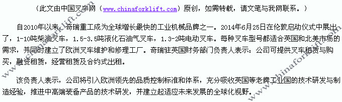 关于奇瑞迪凯重工:奇瑞迪凯重科安徽工业车辆有限公司是奇瑞重工的重要板块之一,基地总投资6亿元,占地面积近300亩,二期...
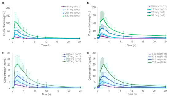 Mean plasma concentration profiles of (a) mitragynine (including standard deviation bars) after a single dose (SD); (b) mitragynine after 15 multiple doses (MD); (c) 7-hydroxymitragynine after an SD; (d) 7-hydroxymitragynine after 15 MD mitragynine for all four dried kratom leaf powder doses. Each dose was administered to a different cohort of healthy male and female subjects.
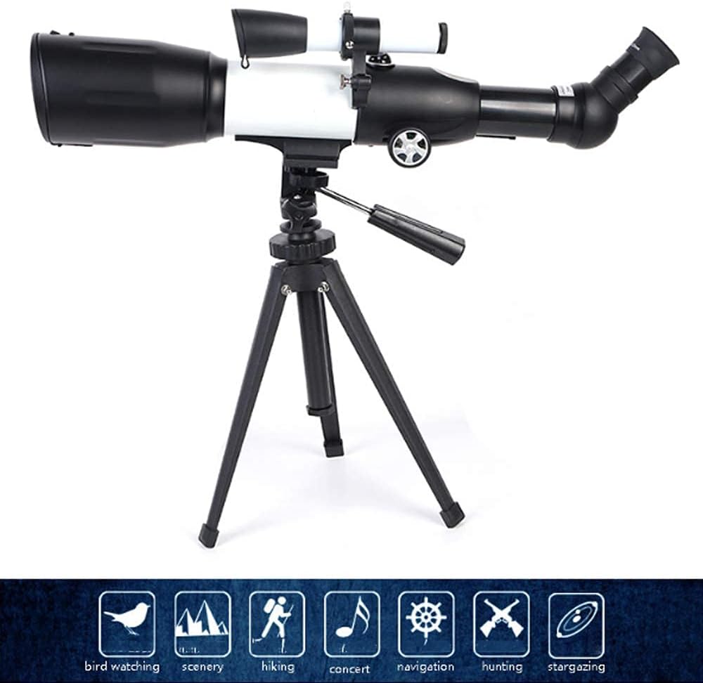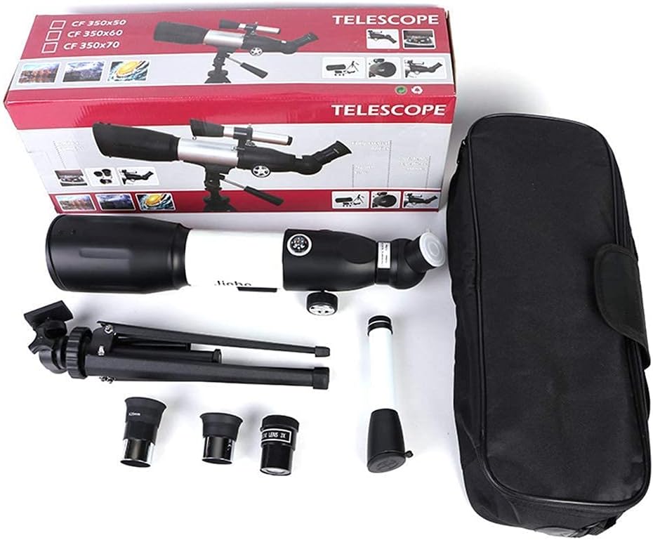 Telescope for Astronomy High quality.Aluminum alloy construction, lightweight and portable, good choice for students or those who want to learn more about space and nature Function type: Astronomical telescope Purpose: civilian telescope Focal length: 350mm Instrument magnification: 116 Objective lens diameter: 50rmm Packing number: 10 Eyepiece: K25K9 Bracket: Height 38CM Weight: 3kg Specification: 35050 Finder: 5*24 Color: silver white Structure: Monocular Accessories: Main lens*1 Eyepiece *3 Finder*1 Handbag*1 Tripod*1 Notes: 1.Due to the different monitor and light effect, the actual color of the item might be slightly different from the color showed on the pictures. Thank you! 2.Please allow 1-3cm measuring deviation due to manual

Task directions = Print every line of the material exactly as written, but drop the pictures.

Result of the exercise =
 关于奇瑞迪凯重工:奇瑞迪凯重科安徽工业车辆有限公司是奇瑞重工的重要板块之一,基地总投资6亿元,占地面积近300亩,二期...
 Mean plasma concentration profiles of (a) mitragynine (including standard deviation bars) after a single dose (SD); (b) mitragynine after 15 multiple doses (MD); (c) 7-hydroxymitragynine after an SD; (d) 7-hydroxymitragynine after 15 MD mitragynine for all four dried kratom leaf powder doses. Each dose was administered to a different cohort of healthy male and female subjects.
 Telescope for Astronomy High quality.Aluminum alloy construction, lightweight and portable, good choice for students or those who want to learn more about space and nature Function type: Astronomical telescope Purpose: civilian telescope Focal length: 350mm Instrument magnification: 116 Objective lens diameter: 50rmm Packing number: 10 Eyepiece: K25K9 Bracket: Height 38CM Weight: 3kg Specification: 35050 Finder: 5*24 Color: silver white Structure: Monocular Accessories: Main lens*1 Eyepiece *3 Finder*1 Handbag*1 Tripod*1 Notes: 1.Due to the different monitor and light effect, the actual color of the item might be slightly different from the color showed on the pictures. Thank you! 2.Please allow 1-3cm measuring deviation due to manual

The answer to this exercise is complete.